(DATA SHOWN)

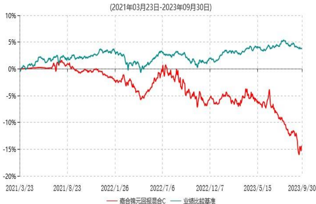
嘉合锦元回报混合C累计净值增长率与业绩比较基准收益率历史走势对比图
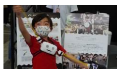
ゆる～く楽しむ、音楽体験 「YURU MUSIC」
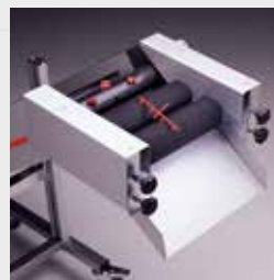
SRS - SRD - SRT Separatore a rullo semplice, doppio e triplo Simple roller separator, Double and Triple
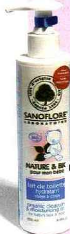
Lait de toilette hydratant Nature & bio, Sanoflore, 250 ml, 9 €.
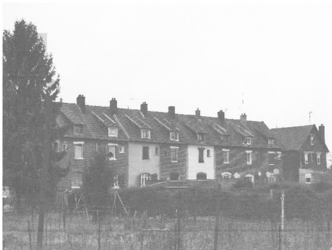
Arrière de la rue du Canal
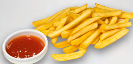
013 - PATATINE FRITTE Allergeni: 1
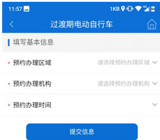
7 选择预约办理时间和地点
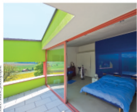
Oliver Meier, photographe
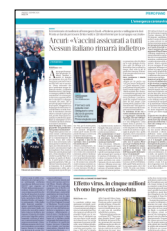
Peso: 2-26%, 3-9%
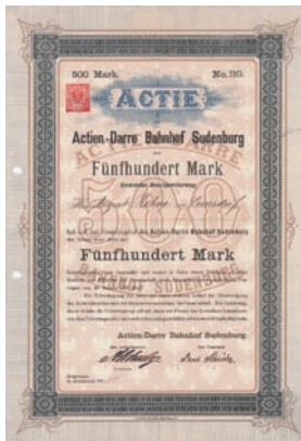
Nr. 77 Schätzpreis: 750,00 EUR Startpreis: 375,00 EUR

Actie Lit. A 1.000 Mark, Nr. 77 Minden, 25.3.1898 VF Auflage 300 (R 7). 1865 Gründung der Brauerei Brettholz & Denkmann. AG seit 1888. 1918 Ankauf der Mindener Stiftsbrauerei, 1922 Erwerb des Braukontingents der Kronenbrauerei Bückeburg. 1924 Ankauf der Stadt. Brauerei Hempel & Co. in Stadthagen. Neben verschiedenen Wirtschaftsanhängen gehörte der Gesellschaft auch die Tonhalle in Minden. Die Aktien notierten seit 1890 bei äußerst sporadischen Umsätzen an der Börse Hannover, später im ungeregelten Freiverkehr Düsseldorf. Großaktionär war zuletzt mit über 98 % die Berliner Schultheiss-Brauerei AG. 1978 auf die Dortmunder Union-Schultheiss-Brauerei AG (1988 umbenannt in Brau und Brunnen AG, seit 2004 Teil der Radeberger Gruppe) verschmolzen. Originalunterschriften. Doppelblatt, lochentwertet.

(End DATA SHOWN)

**REQUIRED ACTION:**
Word for word, print every record, and leave out any picture.

**RESULT OF THIS EXERCISE:**
嘉合锦元回报混合C累计净值增长率与业绩比较基准收益率历史走势对比图
ゆる～く楽しむ、音楽体験 「YURU MUSIC」
SRS - SRD - SRT Separatore a rullo semplice, doppio e triplo Simple roller separator, Double and Triple
Lait de toilette hydratant Nature & bio, Sanoflore, 250 ml, 9 €.
Arrière de la rue du Canal
013 - PATATINE FRITTE Allergeni: 1
7 选择预约办理时间和地点
Oliver Meier, photographe
Peso: 2-26%, 3-9%
Nr. 77 Schätzpreis: 750,00 EUR Startpreis: 375,00 EUR

Actie Lit. A 1.000 Mark, Nr. 77 Minden, 25.3.1898 VF Auflage 300 (R 7). 1865 Gründung der Brauerei Brettholz & Denkmann. AG seit 1888. 1918 Ankauf der Mindener Stiftsbrauerei, 1922 Erwerb des Braukontingents der Kronenbrauerei Bückeburg. 1924 Ankauf der Stadt. Brauerei Hempel & Co. in Stadthagen. Neben verschiedenen Wirtschaftsanhängen gehörte der Gesellschaft auch die Tonhalle in Minden. Die Aktien notierten seit 1890 bei äußerst sporadischen Umsätzen an der Börse Hannover, später im ungeregelten Freiverkehr Düsseldorf. Großaktionär war zuletzt mit über 98 % die Berliner Schultheiss-Brauerei AG. 1978 auf die Dortmunder Union-Schultheiss-Brauerei AG (1988 umbenannt in Brau und Brunnen AG, seit 2004 Teil der Radeberger Gruppe) verschmolzen. Originalunterschriften. Doppelblatt, lochentwertet.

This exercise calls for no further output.